(RECORDS FOR THE EXERCISE Opens)

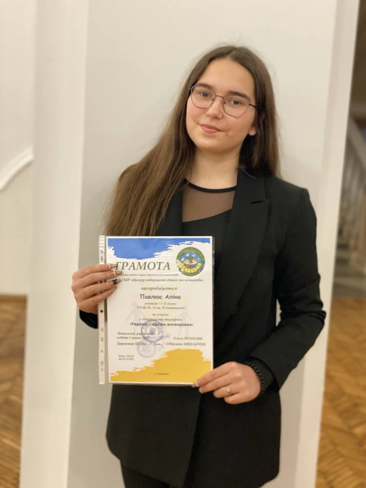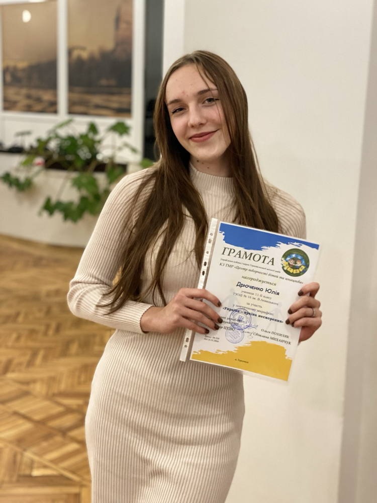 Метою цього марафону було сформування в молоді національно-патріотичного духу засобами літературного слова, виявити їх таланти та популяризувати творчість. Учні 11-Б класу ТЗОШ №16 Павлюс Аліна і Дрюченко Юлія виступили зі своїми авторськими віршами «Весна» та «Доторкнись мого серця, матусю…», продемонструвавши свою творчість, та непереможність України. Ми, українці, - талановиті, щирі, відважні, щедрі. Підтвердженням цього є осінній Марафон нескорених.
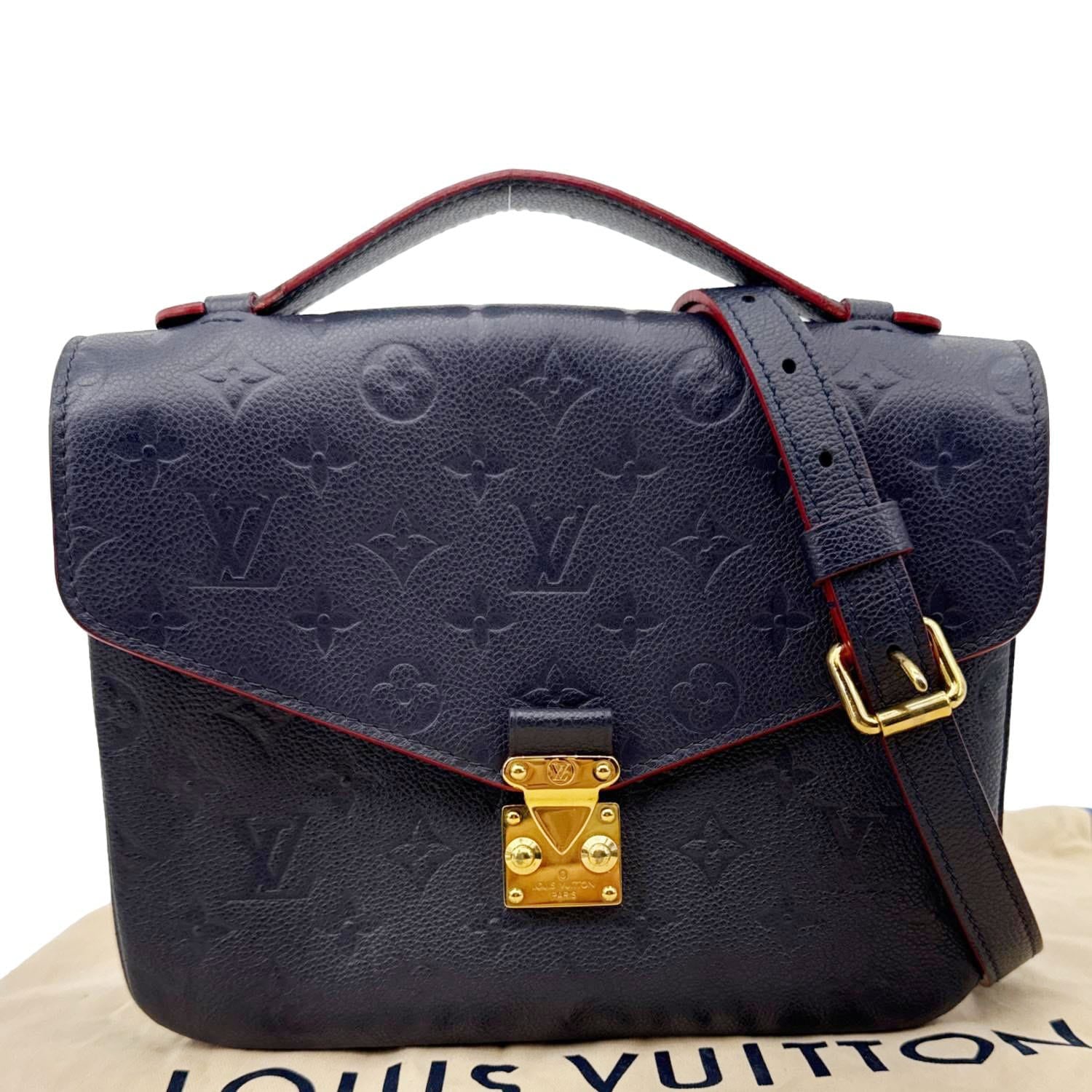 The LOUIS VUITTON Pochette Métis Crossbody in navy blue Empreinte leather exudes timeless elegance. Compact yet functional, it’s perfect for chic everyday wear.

(RECORDS FOR THE EXERCISE Closes)
(RECORDS FOR THE EXERCISE Opens)

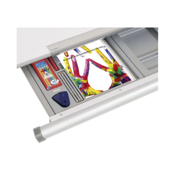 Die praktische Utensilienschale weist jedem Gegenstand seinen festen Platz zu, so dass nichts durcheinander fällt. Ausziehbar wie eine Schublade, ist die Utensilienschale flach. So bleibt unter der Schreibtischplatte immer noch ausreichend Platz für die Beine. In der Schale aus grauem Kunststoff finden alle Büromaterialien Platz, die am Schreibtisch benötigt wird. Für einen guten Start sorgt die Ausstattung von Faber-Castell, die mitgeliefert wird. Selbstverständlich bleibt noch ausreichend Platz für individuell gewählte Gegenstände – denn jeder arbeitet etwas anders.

(RECORDS FOR THE EXERCISE Closes)
(RECORDS FOR THE EXERCISE Opens)

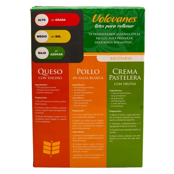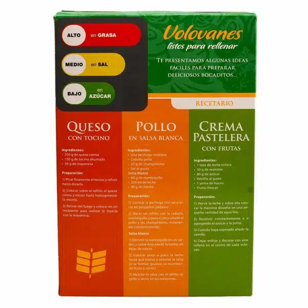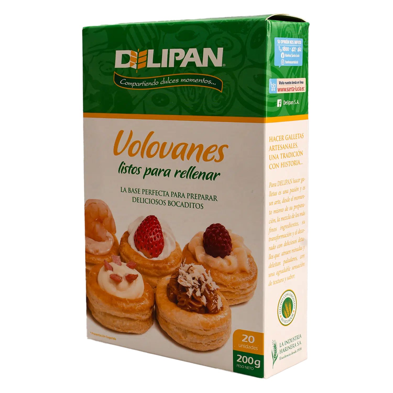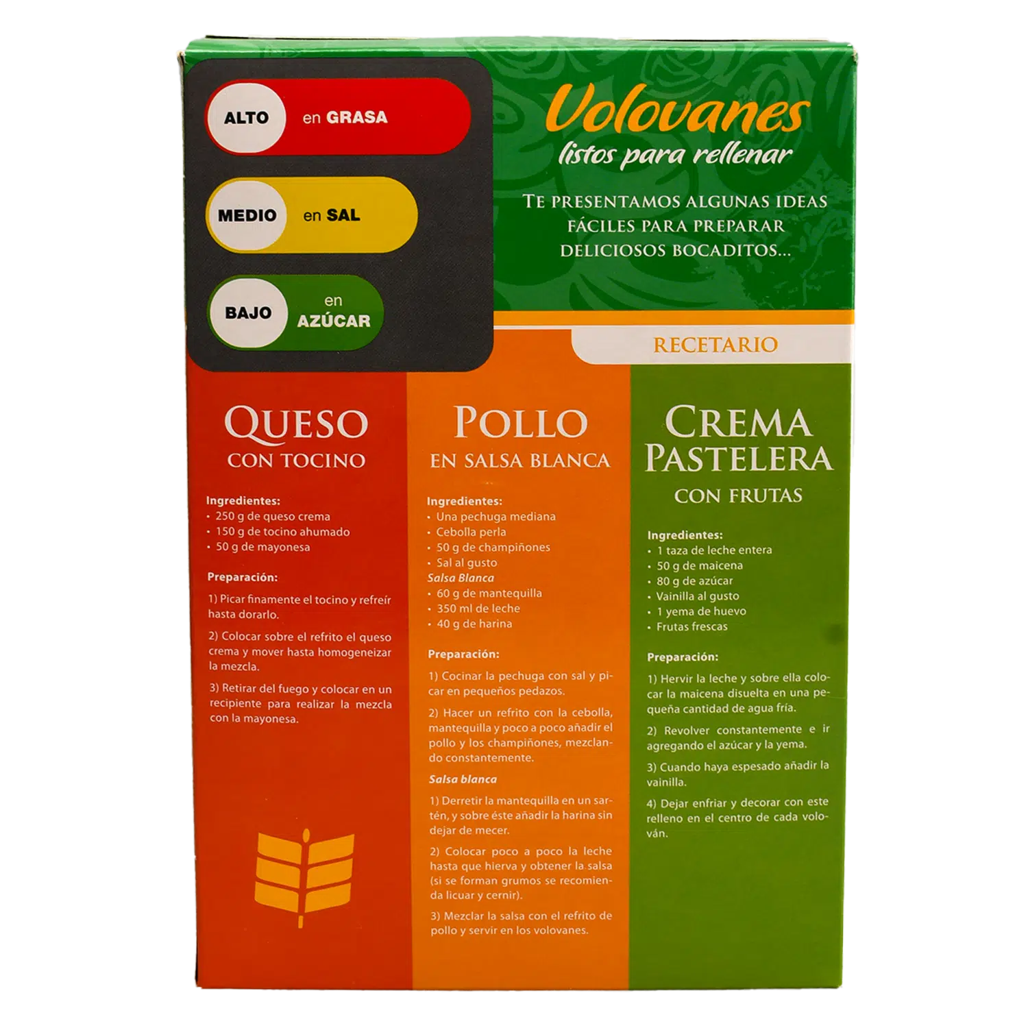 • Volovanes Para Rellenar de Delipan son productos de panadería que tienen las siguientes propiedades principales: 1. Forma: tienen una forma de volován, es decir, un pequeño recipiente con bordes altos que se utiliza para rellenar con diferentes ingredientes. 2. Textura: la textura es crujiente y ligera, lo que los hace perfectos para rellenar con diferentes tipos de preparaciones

(RECORDS FOR THE EXERCISE Closes)

## [TASK ITEM]
Copy word for word the lines above, starting at the line containing "Метою цього марафону" and ending at the line containing "The LOUIS VUITTON", inclusive, with no pictures.

## [WRITTEN ANSWER]
 Метою цього марафону було сформування в молоді національно-патріотичного духу засобами літературного слова, виявити їх таланти та популяризувати творчість. Учні 11-Б класу ТЗОШ №16 Павлюс Аліна і Дрюченко Юлія виступили зі своїми авторськими віршами «Весна» та «Доторкнись мого серця, матусю…», продемонструвавши свою творчість, та непереможність України. Ми, українці, - талановиті, щирі, відважні, щедрі. Підтвердженням цього є осінній Марафон нескорених.
 The LOUIS VUITTON Pochette Métis Crossbody in navy blue Empreinte leather exudes timeless elegance. Compact yet functional, it’s perfect for chic everyday wear.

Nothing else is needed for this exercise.